Glasgow International: Bianca Hester …of stones, sticks and hoops … and chilly climbs
We were slightly worried about the Glasgow weather again on our blustery walk to the Cambridge Street car park, located a little distance down the hill from the Glasgow School of Art…Certainly some of us were better dressed for the outdoors than others (Note to self remember Northface jacket). But although chilly, the wind kept at bay for most of Bianca’s action, the finale of her week long series using found and made objects and located around various sites in Glasgow: only from the perspective of an observer situated upon the surface of the earth does day and night occur.
See her record of it at http://uponthesurfaceoftheearth.blogspot.com.au.
Some of Bianca’s actions were process based in nature (collecting sticks and redistributing them in piles), while others involved a direct invitation (for all the occupants in one street to open all their doors and windows for an hour on a designated day). For this final action Bianca drew on students from the art school and other people she met along over the week, to come together for an improvised action with steel hoops and rods.
They (we) rendezvoused at The Common Guild and then proceeded in a festive fashion to roll the metre in diameter, and reasonably heavy, blue steel hoops down the winding streets to the nearby multi storey car park. This classic brutalist structure was a perfect setting for temporary repurposing. With its painted red, yellow and blue sections denoting parking spots and driving lanes you could almost think that it had been prepared as a sports court or oversized game board.

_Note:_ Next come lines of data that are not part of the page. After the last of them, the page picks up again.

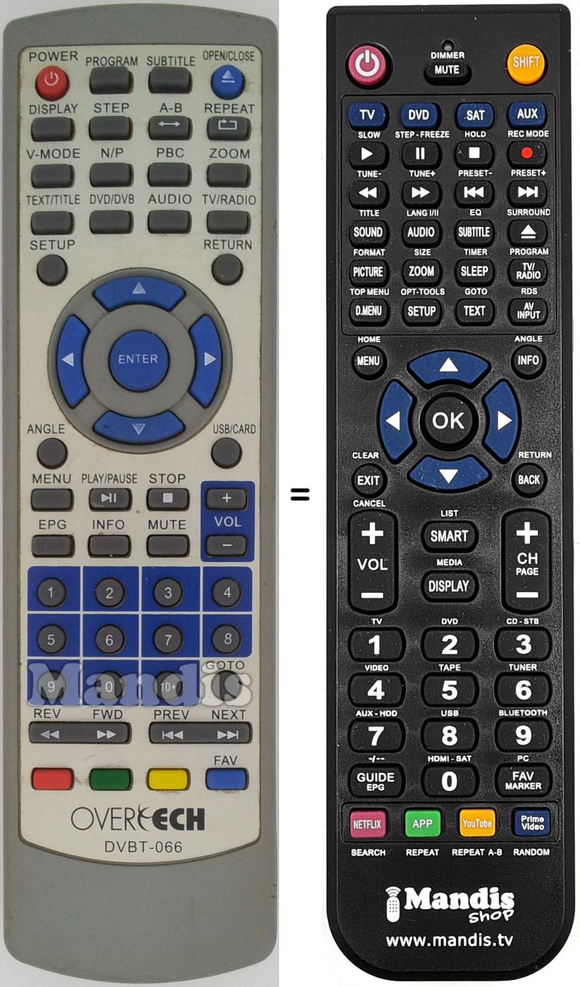 Télécommande qui remplace celle d'origine car elle possède les mêmes fonctions.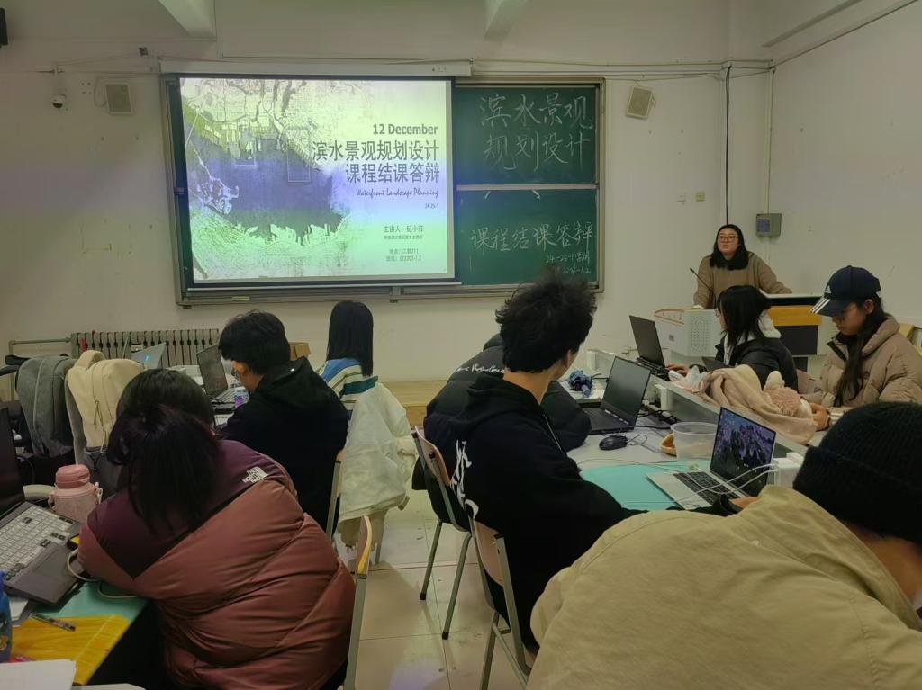 为促进良好的课程改革,推动应用型课程建设,2024年12月12日,建筑工程学院环境设计教研室举办了一场《滨水景观规划设计》课程观摩课,本次观摩课由环境设计专业教师纪小菲老师主持,面向环境设计专业2022级学生进行景观实践答辩。环境设计教研室主任邢国涛老师、专业教师刘靖坤老师、张菁艺老师、姜明汝老师参加了此次观摩课。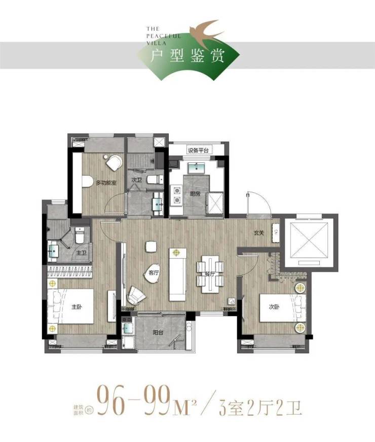 约96-99㎡3房户型,主卧和次卧双卧朝南,更享有一般大户型才有的大横厅设计,直接从观感上“扩容”。再加上约3米的室内层高,比起市面上主流的约2.8-2.9米,呈现了更强的空间感和尺度感。四开间朝南的超大面宽,引更多清风阳光入室。主卧套房设计,拥有独立卫浴,保障了私密。整体布局兼顾实用性和舒适性,避免了走道空间的浪费。

At first, the participants tentatively began to spin the hoops in the centre of the expansive space but within minutes, and as if in unspoken agreement, the group started to become more confident with the implements and their potential to create both visual patterns and aural effects. Gathering momentum the percussion of whirling, chiming metal rang out across the rooftops of Glasgow – like a calling to the city. With the participants increasing experimentation with ways to use the circling hoops and rods, not only did their actions become more strenuous and intense, but it appeared as if people were being drawn out of the various stairwells to come see what was going on.
At the same time an increasingly large group of seagulls circled and called above. The action ended much as it had begun, with gradual decrease in the activity of the group and separating out into individual actions. We dispersed to find cover and warmth, nonetheless invigorated by the opportunity to tune in to the surfaces, surrounding atmosphere and rhythm of the city.